At only 20 ‘ticks’ from our community members, this is still a quite obscure WHS at the same level of difficulty as Mausoleum of Khoja Ahmed Yasawi , Caral Supe or the Pyu Ancient Cities. I enjoyed my 3 days on Pico, although like the rest of the Azores it is a bit sedate and old-fashioned. Good if you’re looking for some quiet days, less so if you’re an avid traveller that wants to see and do something different every day.
Published 15 July 2017Leave a comment
Blog: Mid-Atlantic Ridge
The Mid-Atlantic Ridge (MAR) has been part of the Tentative list of Portugal since this year. At this geographical location three tectonic plates have been moving away from each other and the void has been filled by magma from the inner earth. The MAR actually extends from the Antarctic to the Arctic, but this possible future nomination only comprises the Portuguese Azores section. It replaces the earlier single tentative sites Algar do Carvão and Furna do Enxofre, and now seems to incorporate all inhabited and uninhabited islands plus the terrestrial waters of the Plateau of the Azores.
It is not difficult to see or experience geological features of the MAR during a visit to the Azores. My stay at the three islands of Terceira, Pico and Faial provided numerous up-and-close views of results of volcanic events that took place here. One of the main tourist attractions of the island of Terceira for example is Algar do Carvão, a “volcanic chimney”. While I found tourism very low-key in general on the Azores and local costs only a fraction of those of the mainland, entrance to Algar do Carvão costs 10 EUR. For that sum you’ll have to descend a long flight of stairs, until the bottom of the volcano where there is a lake created by rainwater and stalactites/stalagmites on the walls. I did not find it very spectacular.

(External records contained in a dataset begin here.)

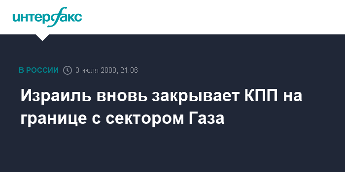 Иерусалим. 3 июля. ИНТЕРФАКС - Контрольно-пропускные пункты на границе сектора Газа и Израиля с пятницы вновь будут закрыты. Эта мера станет ответом на обстрел, предпринятый палестинскими радикалами в нарушение достигнутого между двумя сторонами перемирия. С таким заявлением выступила в четверг армия обороны Израиля.
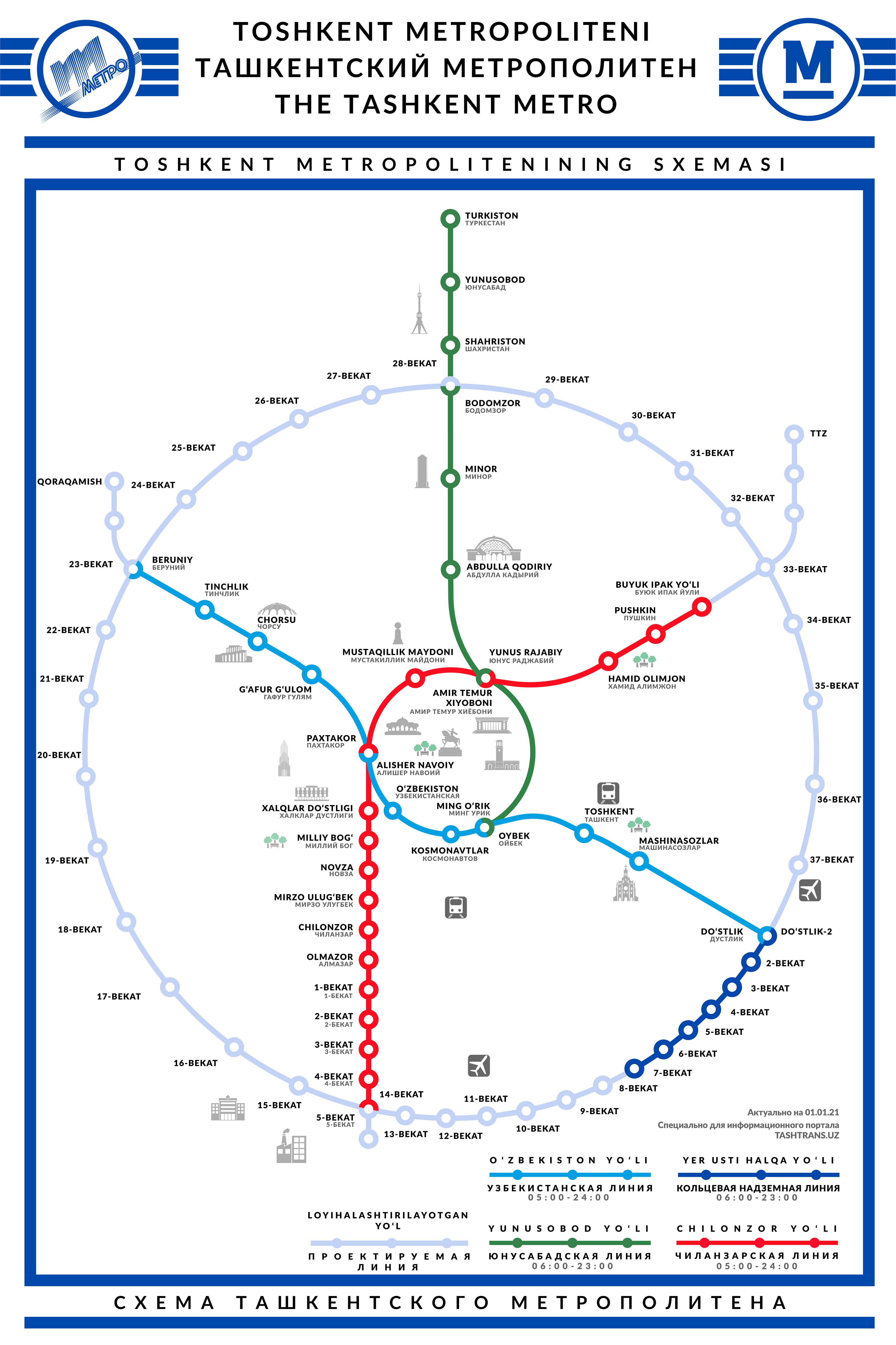 متروی تاشکند یکی از جاذبههای دیدنی در این شهر است. شاید شگفتزده شوید که متروی این شهر چقدر آثار هنری زیبایی دارد. آثار هنری در متروهای این شهر ترکیبی از شکوه هنری شوروی و درک مدرنیته هنرمندان ازبک است. این مترو در سال ۱۹۷۷ تأسیس شده و سه خط و ۲۹ ایستگاه دارد. هر ایستگاه این ایستگاهها هر بینندهای را به گرفتن عکس ترغیب میکنند، اما باید به خاطر داشت که عکسبرداری در متروی تاشکند کاملاً ممنوع است و در هر ایستگاه پلیسهای زیادی حضور دارند. بنابراین بهتر است خودتان را در مشکل نیندازید و فقط از تماشای این هنر زیبا لذت ببرید. ساعت کاری مترو تاشکند از ساعت ۶ صبح تا نیمه شب است.
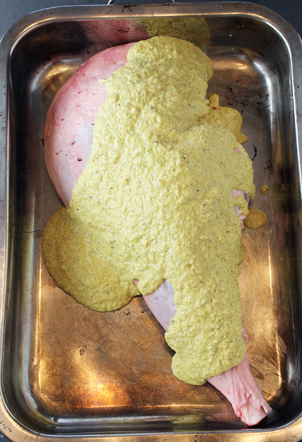 His “Roast Leg of Lamb” marinades in that creamy, unctuous sauce tinged the color of daffodils for a full day before being slid into the oven.
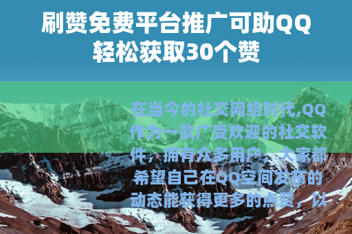 在当今的社交网络时代,QQ作为一款广受欢迎的社交软件,拥有众多用户,大家都希望自己在QQ空间发布的动态能获得更多的点赞,以此来展示自己的人气和受欢迎程度,而刷赞免费平台的出现,为许多人提供了一种快速获取赞的途径。

On the island of Faial the site of Capelinhos can be visited. The landscape here is the result of a submarine volcanic eruption that took place in 1957. It resulted in a bit of additional land for Faial island, and the coverage of part of the lighthouse and dwellings of local whalers under lava. The eruption was actually of a similar kind to the one that created Surtsey in Iceland 6 years later, but – the TWHS description concludes surly – volcanologists coined the term “surtseyan” instead of “capeliniana”. No trace of that legend is mentioned in the Surtsey AB evaluation by the way.
Another feature typical of the Azores is connected to the MAR as well: the occurrence of high numbers of “migratory pelagic megafauna” (i.e.: whales). They seem to be attracted to the feeding opportunities at the chains of seamounts. Every respectable town on the islands has its whale & dolphin watching outfitter, taking tourists out to open sea in small boats for a couple of hours. I did such a trip from Madalena on Pico island.

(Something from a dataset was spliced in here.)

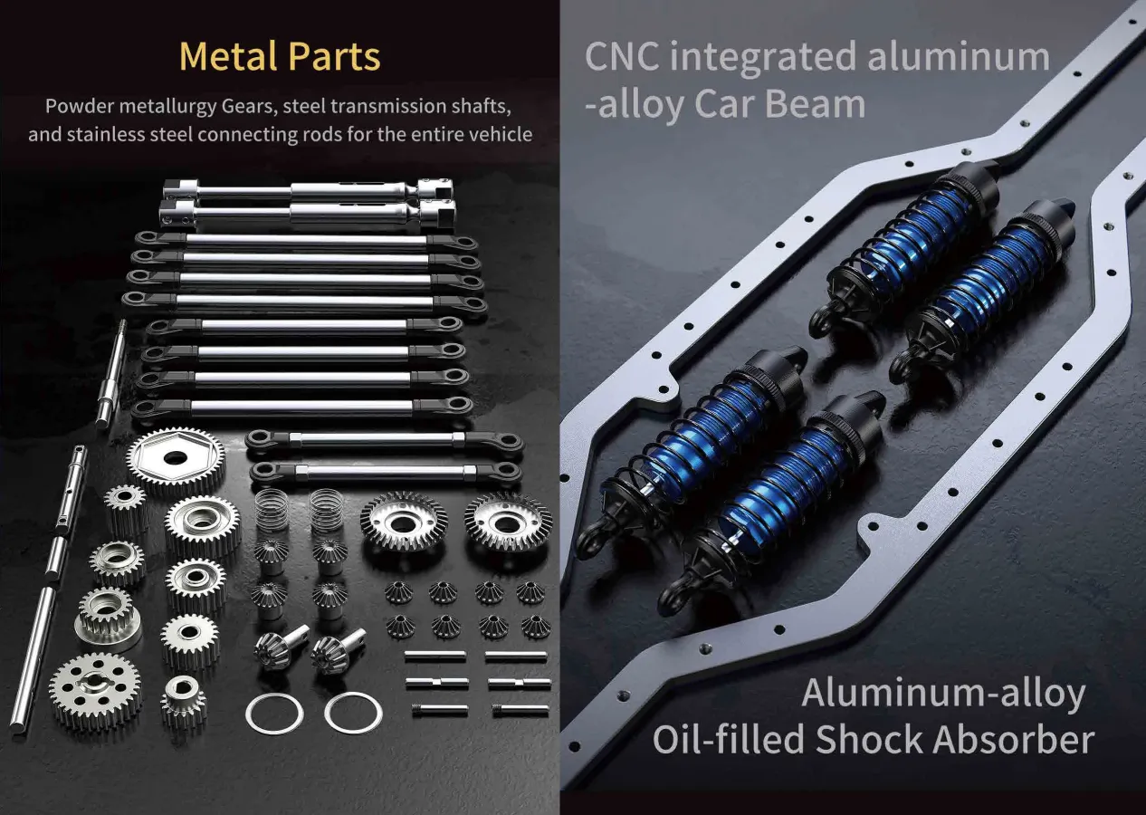 Powder metallurgy gearsm steel transmission shaft and stainless steel connecting rods throughout the entire vehicle with CNC integrated aluminium-alloy car beams, and aluminium-alloy oil-filled shock absorbers to handle anything you throw at it.
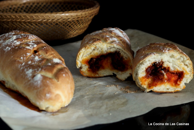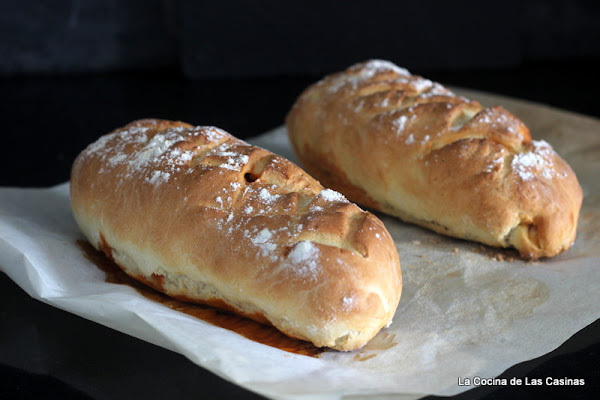 Desgasifica la masa, divide en 2 trozos más o menos iguales. Con la mano, formas un rectángulo (más o menos, no hay que molestarse demasiado). Es una masa un poco pegajosa, si es necesario, ponte un poco de aceite de girasol en las manos, rellena con un chorizo, que yo corto trasversalmente y pongo a cada lado para que empape todo el bollo al que debes de quitar la piel.

Almost 10 years ago I had been on a similar trip from Peninsula Valdes in Argentina. The conclusion of both trips turned out the the same: it’s very hard to get good views of the whales, as they are submerged under water for most of the time. During this trip from Madalena the captain of the boat was quite good at predicting which side of the boat the beasts would pop up to breathe. But I still did not succeed in taking any good pictures. The dolphins proved to be more cooperative.
As the MAR is a truly global phenomenon, we even already have a Connection about it featuring 4 WHS. It is weird that Portugal goes it alone in pursuing a nomination, although talks have been going on since 2007 about an international serial nomination. Iceland seems to be the obvious choice for a MAR nomination, this was even suggested at the evaluation of Surtsey.